▶ _STUDY MATERIAL_
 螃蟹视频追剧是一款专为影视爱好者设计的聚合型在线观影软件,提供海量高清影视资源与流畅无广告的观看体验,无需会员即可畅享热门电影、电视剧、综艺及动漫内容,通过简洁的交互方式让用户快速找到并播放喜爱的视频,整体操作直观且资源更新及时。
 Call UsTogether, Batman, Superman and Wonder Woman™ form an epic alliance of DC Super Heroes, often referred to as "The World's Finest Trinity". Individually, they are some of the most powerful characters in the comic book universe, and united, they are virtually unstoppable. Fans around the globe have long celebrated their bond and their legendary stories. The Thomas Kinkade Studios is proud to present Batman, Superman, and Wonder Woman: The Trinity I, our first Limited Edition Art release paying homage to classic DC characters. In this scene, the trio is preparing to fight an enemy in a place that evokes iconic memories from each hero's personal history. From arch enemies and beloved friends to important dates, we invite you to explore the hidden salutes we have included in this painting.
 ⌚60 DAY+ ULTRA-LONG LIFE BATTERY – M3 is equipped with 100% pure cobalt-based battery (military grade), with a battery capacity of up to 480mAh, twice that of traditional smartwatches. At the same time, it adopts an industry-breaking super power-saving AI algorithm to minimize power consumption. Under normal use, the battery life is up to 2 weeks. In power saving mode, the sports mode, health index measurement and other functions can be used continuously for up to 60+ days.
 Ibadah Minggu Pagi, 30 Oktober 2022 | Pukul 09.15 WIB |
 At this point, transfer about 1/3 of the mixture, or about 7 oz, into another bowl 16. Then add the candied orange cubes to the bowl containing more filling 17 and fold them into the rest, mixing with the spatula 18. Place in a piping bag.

---

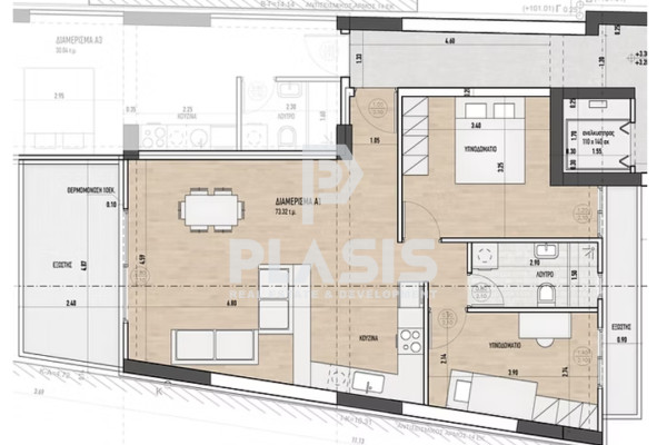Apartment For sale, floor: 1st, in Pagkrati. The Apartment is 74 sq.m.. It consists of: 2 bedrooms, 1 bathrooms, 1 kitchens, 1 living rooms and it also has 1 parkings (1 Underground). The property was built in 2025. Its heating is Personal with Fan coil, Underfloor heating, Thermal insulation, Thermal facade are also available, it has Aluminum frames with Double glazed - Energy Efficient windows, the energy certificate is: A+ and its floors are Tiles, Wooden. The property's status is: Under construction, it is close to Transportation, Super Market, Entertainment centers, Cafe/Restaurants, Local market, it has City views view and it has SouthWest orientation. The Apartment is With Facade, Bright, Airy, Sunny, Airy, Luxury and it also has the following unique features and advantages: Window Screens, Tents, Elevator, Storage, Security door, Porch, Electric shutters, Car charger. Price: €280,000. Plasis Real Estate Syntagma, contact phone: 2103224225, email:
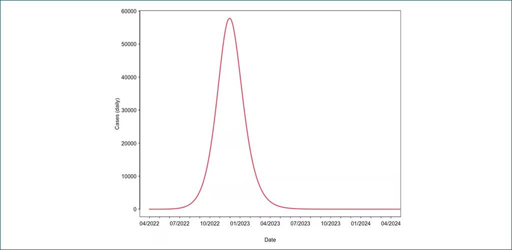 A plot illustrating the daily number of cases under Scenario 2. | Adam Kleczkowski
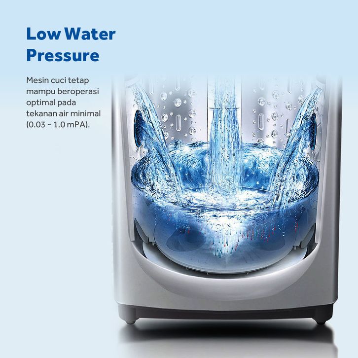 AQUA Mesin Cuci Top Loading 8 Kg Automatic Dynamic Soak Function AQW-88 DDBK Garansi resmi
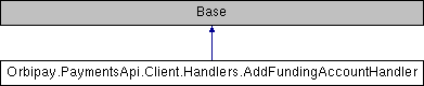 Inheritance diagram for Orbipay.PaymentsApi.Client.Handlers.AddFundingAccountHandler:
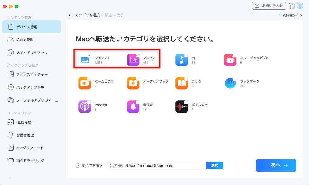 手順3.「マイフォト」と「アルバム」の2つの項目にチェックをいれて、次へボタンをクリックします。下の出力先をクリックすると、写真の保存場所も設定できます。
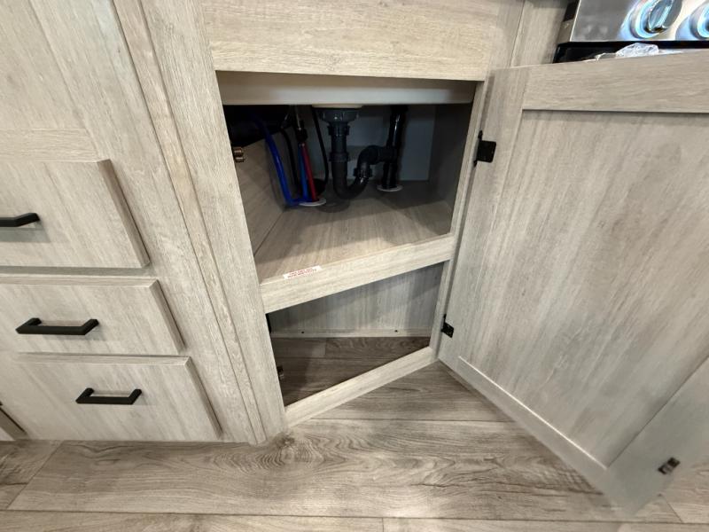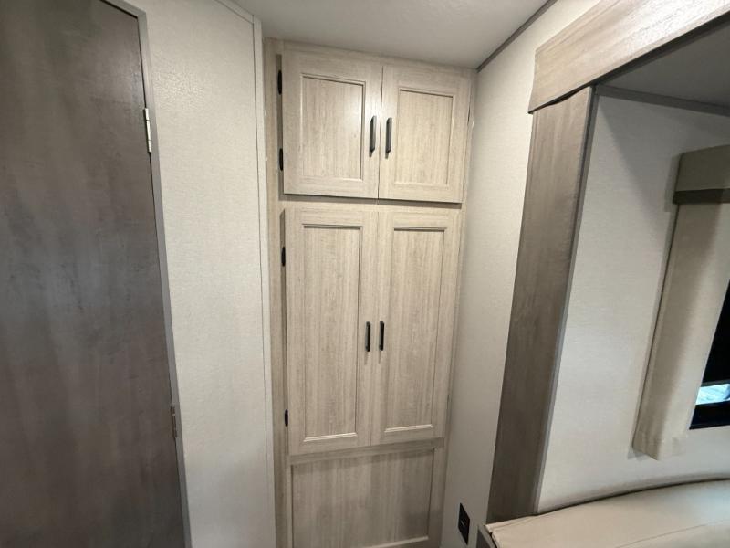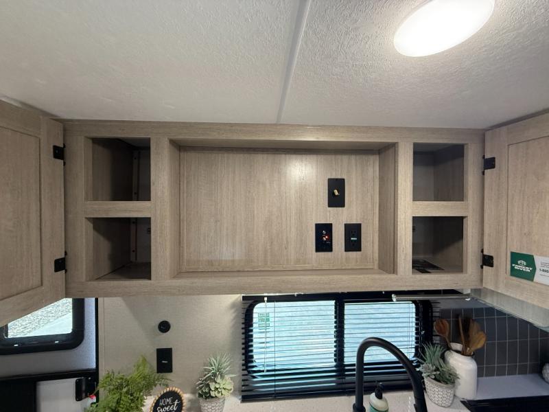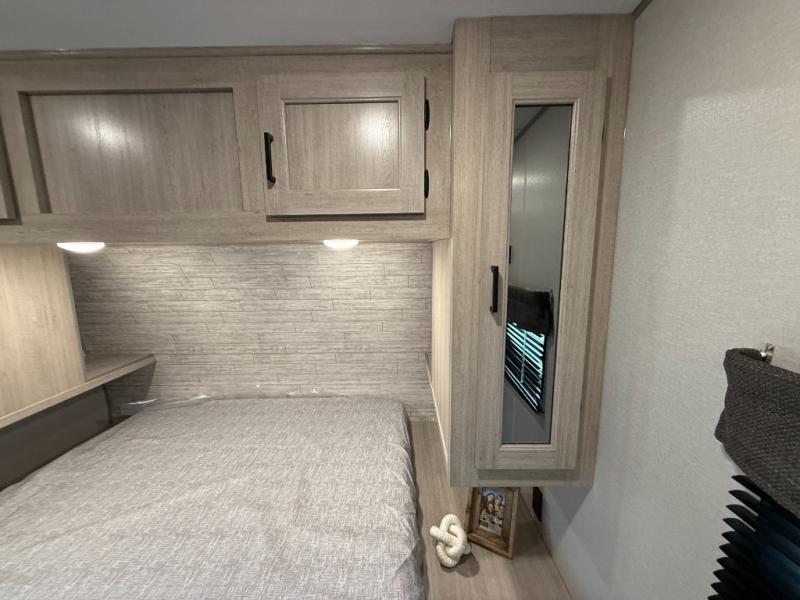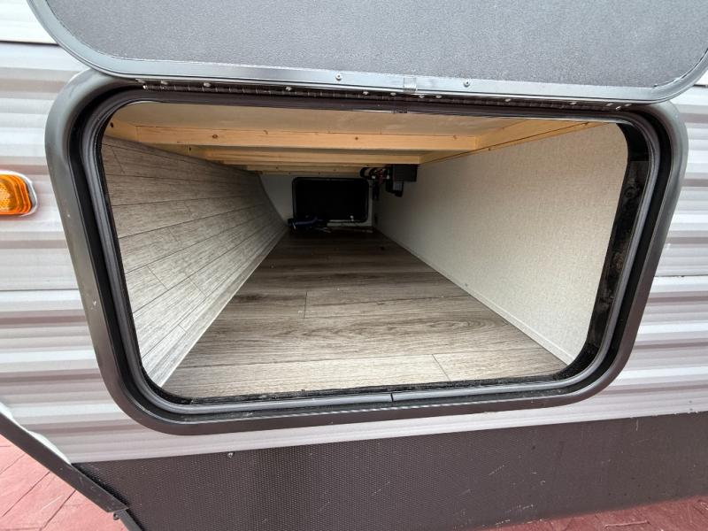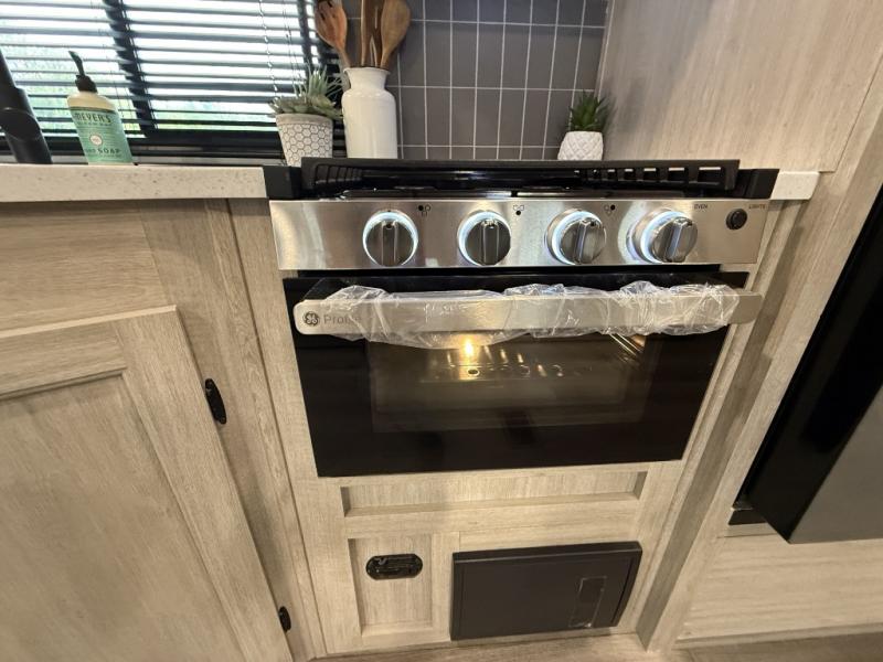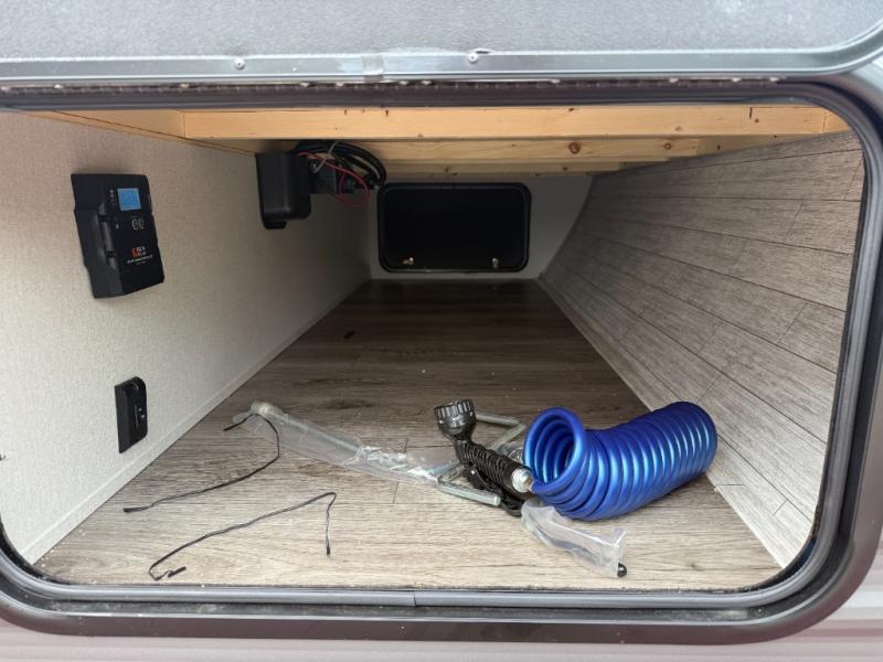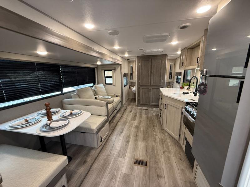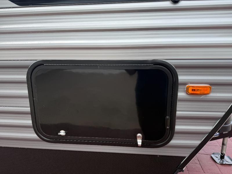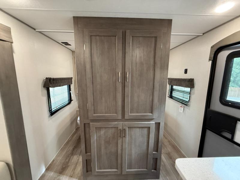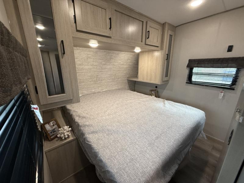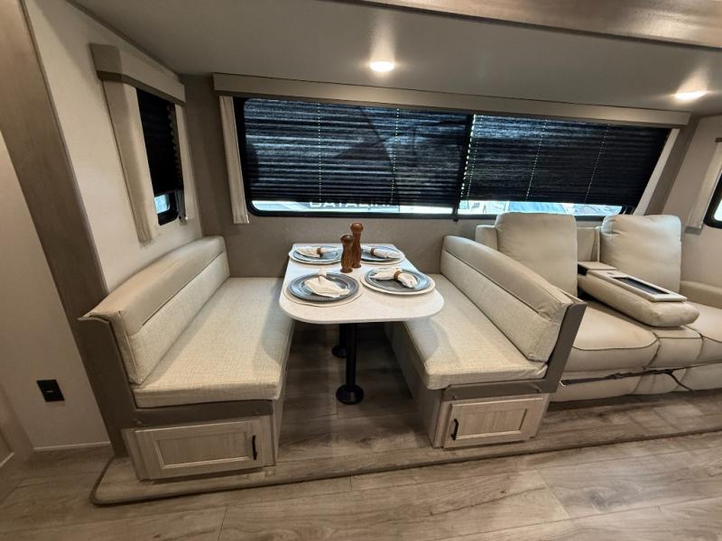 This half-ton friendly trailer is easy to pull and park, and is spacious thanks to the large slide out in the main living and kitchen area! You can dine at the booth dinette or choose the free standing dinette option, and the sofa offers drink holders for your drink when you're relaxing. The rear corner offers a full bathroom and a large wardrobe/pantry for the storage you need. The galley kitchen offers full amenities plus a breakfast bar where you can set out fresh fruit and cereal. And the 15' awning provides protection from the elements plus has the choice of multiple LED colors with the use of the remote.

▶ _EXERCISE AIM_
In the listing above, find the line with "AQUA Mesin Cuci" and the line with "手順3.「マイフォト」と「ア". Set down both and every line between them, minus the pictures.

▶ _RESULT OF THE TASK_
 AQUA Mesin Cuci Top Loading 8 Kg Automatic Dynamic Soak Function AQW-88 DDBK Garansi resmi
 Inheritance diagram for Orbipay.PaymentsApi.Client.Handlers.AddFundingAccountHandler:
 手順3.「マイフォト」と「アルバム」の2つの項目にチェックをいれて、次へボタンをクリックします。下の出力先をクリックすると、写真の保存場所も設定できます。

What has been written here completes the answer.